When building a model, you must choose which fields to include in the model, and set parameters for building the model. In this exercise, the Gaussian fields will be used.

Building the Field-Based QSAR Models

When building a model, you must choose which fields to include in the model, and set parameters for building the model. In this exercise, the Gaussian fields will be used.

  1. Click Build.
  • The Build Field-Based Model dialog box opens.
  1. Set the Field style to Gaussian (Recommended), if it is not already set to this choice.
  • Force field—Use the force-field electrostatic and steric fields for the model (CoMFA).

  • Gaussian—Use the five standard Gaussian fields for the model, excluding aromatic ring fields (CoMSIA).

  • Extended Gaussian—Use all the Gaussian fields for the model, including aromatic ring fields.

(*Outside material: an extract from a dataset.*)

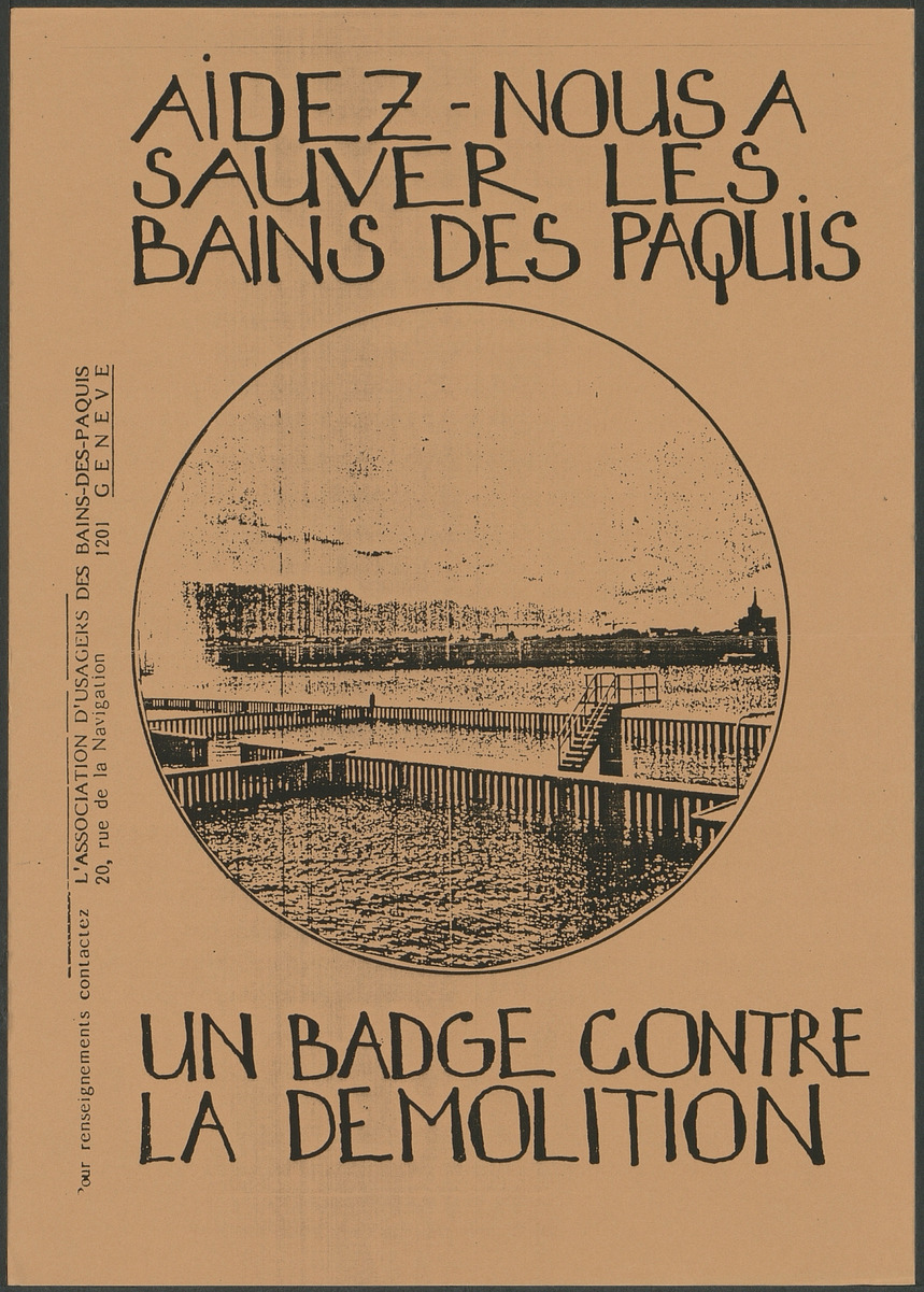 En 1987, la Ville de Genève, propriétaire des bâtiment, affirme que les bains risquent de s’effondrer, d’où la nécessité de les démolir et de reconstruire à neuf. L’AUBP souhaite empêcher la démolition. Elle dépose dans ce but une pétition qui demande :

  • Custom—Select the combination of force-field and Gaussian fields to use for the model. To make the selection, click Edit, and select the fields from the list in the Custom Field Style dialog box. In this dialog box you can also import feature definitions for the fields.

  1. Enter 6 in the Maximum PLS factors text box.
  • This value should be no more than the number of training set structures divided by 5, otherwise overfitting may occur. A model is built for each number of PLS factors up to this value.

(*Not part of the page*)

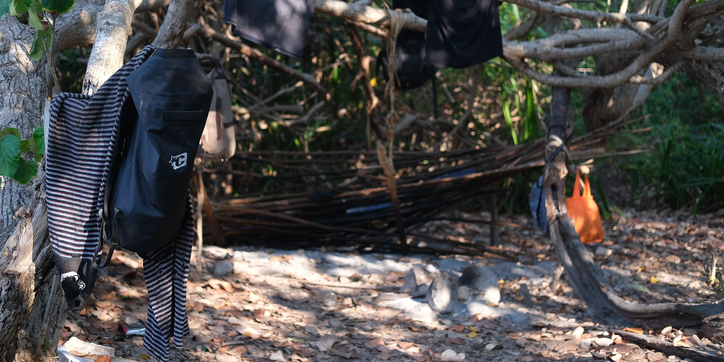 "CREATURES also kitted me out with a board bag and a heap of surf gear. When I was leaving Bali to begin the trip, I was trying to minimise all my stuff, and was almost going to leave the boardbag behind and just take board socks. I’m so glad I didn’t! That board bag was probably the most useful thing I travelled with. It doubled as extra storage on the side of the bike and I slept in it a bunch too. Other than that, yeah, just all the usual, coupla leggies, few blocks of wax, first aid kit. I feel it’s Murphy’s law with the first aid stuff; whatever you don’t take is what you need. I had a fairly comprehensive kit with bandages, sutures, disinfectant, sea ulcer cream, Stingose, and fortunately I didn’t need too much. Besides that it was just bare minimum. Rain jacket, hoodie (gets pretty cold on the bike at night), few t-shirts, boardies, computer, camera gear, notebooks, and hammock, which I didn’t even use. The boardbag was way more comfy."

  • The remaining settings can be left at their default values.

  1. Click OK.
  • The dialog box closes. After a short while, the results columns in the Ligands table is filled in with the predictions for each of the 6 models, for both the training set and the test set, and the QSAR statistics and Field fractions tables are filled in with the statistics for the models.

Examining the Field-Based QSAR Models

After building a set of models, the next task is to determine which of these models to use. For this purpose, both the training set and the test set results should be examined. To avoid choosing an over-fit model, a good rule is to stop increasing the number of PLS factors when no more improvement is obtained in the results.

Examine the statistics in the QSAR statistics table.

Column Description
# Factors Number of factors in the partial least squares regression model.
SD Standard deviation of the regression. This is the RMS error in the fitted activity values, distributed over nm−1 degrees of freedom (n ligands, m PLS factors).
R^2 Value of R2 for the regression (the coefficient of determination). A value of 0.80, for example, means that the model accounts for 80% of the variance in the observed activity data. R2 is always between 0 and 1.
R^2 CV Cross-validated R2 value, computed from predictions obtained by a leave-N-out approach. The value of N is specified in the Build Field-Based Model Dialog Box.
R^2 Scramble Average value of R2 from a series of models built using scrambled activities. Measures the degree to which the molecular fields can fit random data. A low value means that the model cannot fit random data, but a high value merely means that the variable set is fairly complete and can fit anything.
Stability Stability of the model predictions to changes in the training set composition. Maximum value is 1. A high value indicates a model that is not sensitive to omissions from the training set. A stability value that is lower than the R2 value is an indication of over-fitting.
F The ratio of the model variance to the observed activity variance. The model variance is distributed over m degrees of freedom and the activity variance is distributed over nm−1 degrees of freedom (n ligands, m PLS factors). Large values of F indicate a more statistically significant regression.
P The significance level of F when treated as a ratio of Chi-squared distributions. Smaller values indicate a greater degree of confidence. A P value of 0.05 means F is significant at the 95% level.
RMSE Root-mean-square error in the test set predictions.
Q^2 Value of Q2 for the predicted activities. Directly analogous to R-squared, but based on the test set predictions. Q2 can take on negative values if the variance in the errors is larger than the variance in the observed activity values.
Pearson-r Pearson r value for the correlation between the predicted and observed activity for the test set.
  • The standard deviation (SD) decreases and the correlation coefficient (R^2) increases as the number of PLS factors increases. R^2 Scramble also increases. This is normal, but does not really tell us much about which model to choose. It only tells us that increasing the number of variables in the fit reduces the error of the fit.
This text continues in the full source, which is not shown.